JPMorgan Chase “made a rare public apology” following a “ferocious outcry” over plans to create a European Super League, which the bank agreed to front with $4 billion in financing, The Wall Street Journal reported. The proposed league of 12 of the wealthiest teams blew up just days after it was announced.

“We clearly misjudged how this deal would be viewed by the wider football community and how it might impact them in the future,” a spokesman for the bank said. “We will learn from this.”

“The bank was instrumental in the creation of the Super League by committing to underwrite a €3.25 billion grant which, in effect, provided the start-up funding to rebel clubs to launch the breakaway contest,” the Financial Times said. “London-based debt bankers at JPMorgan were central to the planning of the Super League and had been working on the project for several years.”

“JPMorgan had come under intense criticism from fans and others merely for participating in the plan,” The New York Times noted.

Fuming

“Some of Credit Suisse’s largest shareholders will attempt to remove the board member in charge of risk oversight, in protest at twin scandals that have cost the bank and its clients billions and tarnished its reputation,” the FT reported. “Andreas Gottschling — a 53-year-old German who has served as chair of the risk committee since 2018, earning a $1 million annual fee — has come under fire after the Swiss bank lost at least $4.7 billion from the collapse of family office Archegos. That came shortly after Credit Suisse had to suspend $10 billion of supply-chain finance funds linked to controversial financier Lex Greensill, whose insolvency could cost the lender’s clients as much as $3 billion.”

Credit Suisse’s $5.5 billion hit from Archegos has “entered the big leagues of bank losses,” the Journal said, rivaling JPMorgan’s London Whale scandal and Nick Leeson’s unauthorized trades that led to the 1995 downfall of Barings Bank. “For Mr. Leeson, Credit Suisse’s willingness to continue working with [Archegos head Bill] Hwang after he was barred [from the securities industry] shows bankers are still susceptible to short-term decision-making fueled by the prospect of quick profits and bonuses.”

Wall Street Journal

Plastic recycling

“It may be out of habit or sentiment, or the simple laziness of not wanting to do the work of finding a new perfect match, but many people hold on to their first credit card for years. The average age of an open credit card account is eight to nine years, according to Experian.” That can be costly in terms of missed rewards. The Journal offers tips on how to switch to a better card.

Losing its luster?

The weekend plunge in bitcoin to below $50,000, “a decline of more than 20% from its record of $64,829 on April 14, underscored the fragility of bitcoin’s recent advance.” That could be a sign that the rally is “running out of steam, at least for now.”

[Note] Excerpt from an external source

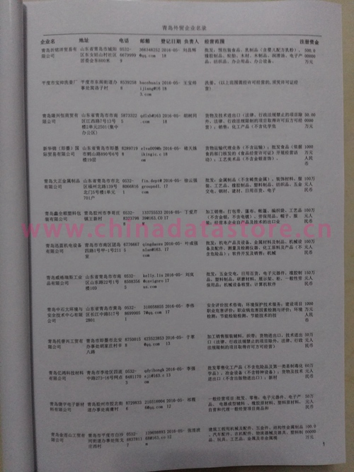 青島外貿(mào)企業(yè)黃頁包括:外貿(mào)企業(yè)名稱、地址、電話、傳真、郵箱、經(jīng)營范圍、注冊資金等信息。

“Bitcoin’s momentum lately has been showing signs of flagging. Since bitcoin crossed $60,000 in March for the first time, its pace of gains has slowed and it has traded in a relatively narrow range. That was a sign that the rally could falter, as it finally did over the weekend.”

Financial Times

Libor strife

“The process of finding practical ways to replace” the London interbank offered rate, the “scandal-tinged benchmark, has led to increasingly audible shouting and blame trading between the major dealing banks and the Fed, along with the central bank’s entourage of agencies, academics, policy wonks and whisperers,” an FT op-ed says.

“Ending the use of dollar Libor, the bank funding rate, was always going to be problematic. This is not over.”

Travel plans

“Europe’s largest banks are planning to slash business travel permanently by as much as half from pre-pandemic levels after the coronavirus crisis recedes, as many of the new ways of remote working developed during lockdown become the norm.”